My ex estimated her income this past financial year as $0.
Infact she has been working during the year but did not report this to CSA so my payments to her did not reflect the fact that she was working. Her income has in fact exceeded $50K for the year.
She has put in her tax return and CSA has issued me with a revision on the amount I pay to her next year. It's a significant reduction.
However what I would like to know is that, given this past financial year I have been paying on the basis that she has been earning $0 when she has been earing $50K.
Does that mean she will need to refund me? Based on the revised statement for next year, and the online calculator, I believe I have overpayed by $5K this past year.
Since the payee income that your assessment was based on was an estimate, I believe the CSA can reconcile the assessment for the period against the actual income and your account should be in credit.

Since this will result in less $$ being transferred, the CSA will likely not pursue this on their own - you will probably have to chase this up with them.

I'd suggest doing it in writing…
I hope the following is self-explanatory, if not then please ask:

CSA Guide - 2.5.1: Income Estimates said
Estimate penalties

A person will be required to pay an estimate penalty when CSA reconciles their estimate and their actual income for a year of income less any applicable year to date income amount is 110%, or more, of their estimated ATI for the year (section 64AF).

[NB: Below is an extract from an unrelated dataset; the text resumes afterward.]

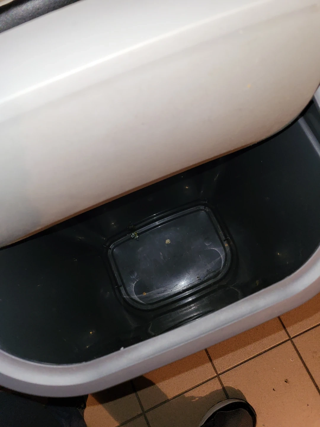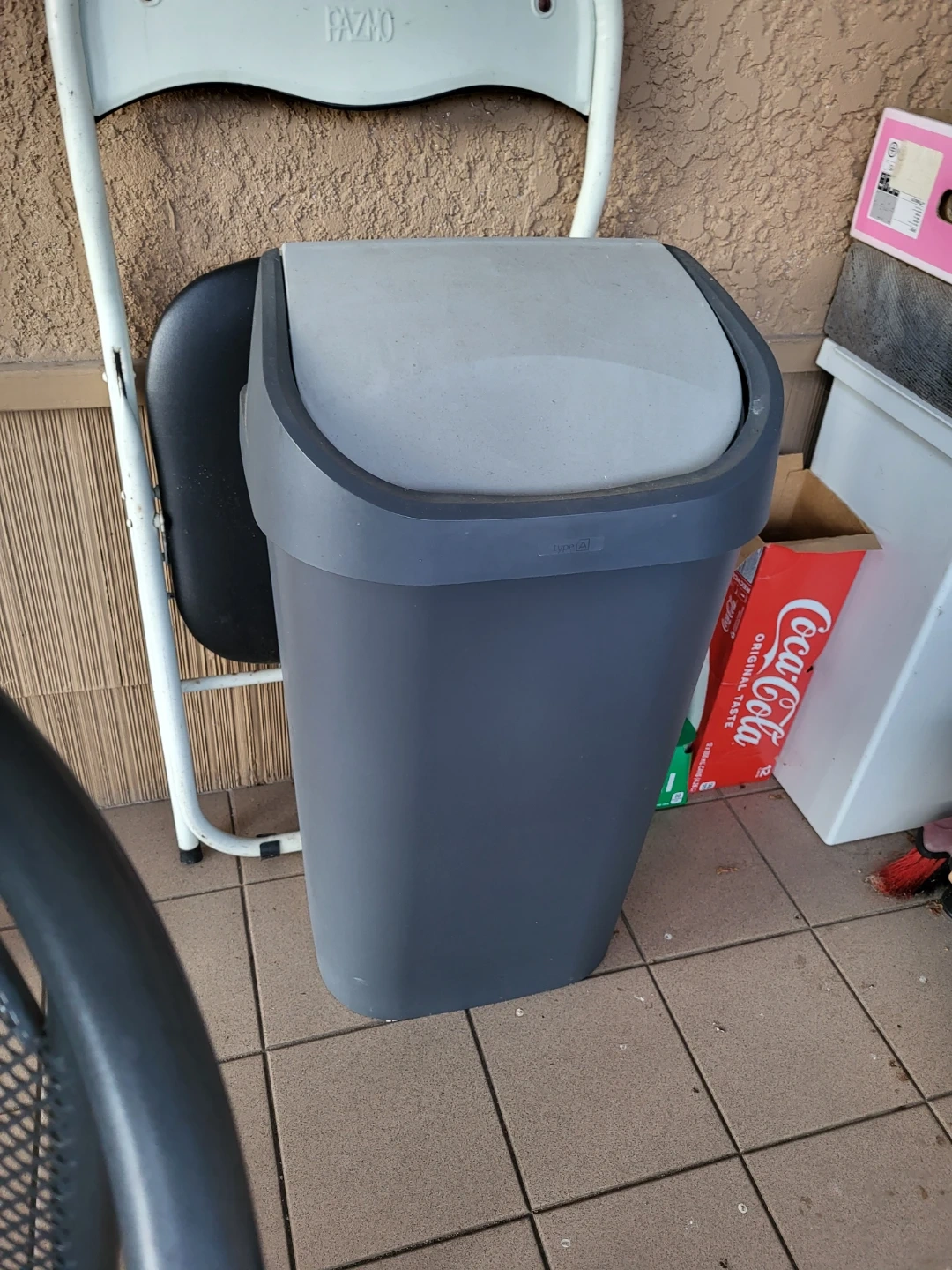 This is a simple grey step trash can with a flip-top lid. It's made of durable plastic and is a good size for kitchens or bathrooms. Useful for keeping your space tidy!

The penalty is 10% of the difference between the liability that would have applied if the original estimate or estimates was used to calculate the assessment, and the assessment(s) amended under section 64AA following reconciliation (section 64AG(1)). An estimate penalty is a debt due to the Commonwealth (section 64AG(2)).

Here's a link to the respective section of the CSA Guide The CSA Guide - 2.5.1: Income Estimates

OK thanks. Will do.

Really however you would expect a government department to work this out and intitiate the repayment method themselves rather then just allow the payer to be hoodwinked. Others more ignorant then I would not recognise and then pursue overpayments with CSA I am sure. Most would just expect a government department to do the right thing.

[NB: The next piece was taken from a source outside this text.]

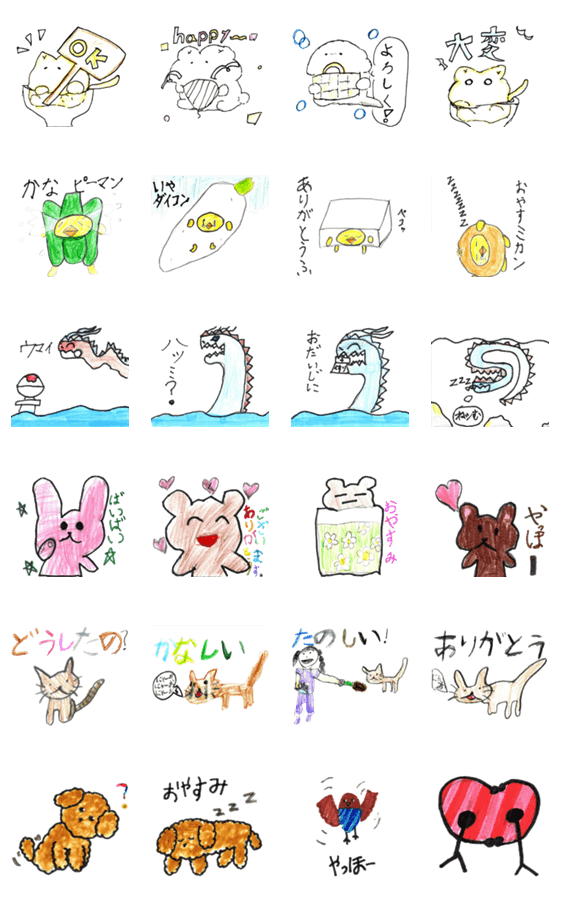 絵画教室「アトリエegg」の子どもたちが描きました! とっても楽しくとっても素敵なスタンプたちです♪売り上げは子ども食堂など、子どものための活動支援に活用します。

My ex has no clue as to how CSA calculates the amount I pay to her. I raised the possibility with her that her payments were likely going to go down next year, she was quite taken aback by that, resulting in some nasty emails accusing me of just trying to get out of meeting my responsibilities etc etc blah blah. She has no clue right now that she has been overpayed $5K this past year. It's going to be an issue to say the least.
GoodDad,
            if there is an overpayment the CSA are very likely to try to persuade or even con you into gifting the overpayment. I'd suggest that you make it very clear, if you do not wish any overpayment to be gifted and thus lost, that you expect that the overpayment is not gifted and that it is used only to offset any liability.

I'd also suggest that it would be in the interest of all taxpaying Australians and permanent residents, genuine welfare recipients, and families of these, that you ensure that the other parent has notified Centrlink/the Family Assistance Office.

Alternately, if the other parent was not in receipt of income support when they supplied the $0 income estimate, then you may wish to check whether the Fixed Rate of Child Support was applied. This amount is currently $1193 annually and should be applied as an offset to the liability, if a recipient parent's taxable income is less than the parenting payment single (currently $14615) and there is no genuine reason given for the income to be that low.
Certainly wont be gifting any overpayment.

Still trying to pay off the 10's of thousands in legal fees I incurred sorting this nutter out.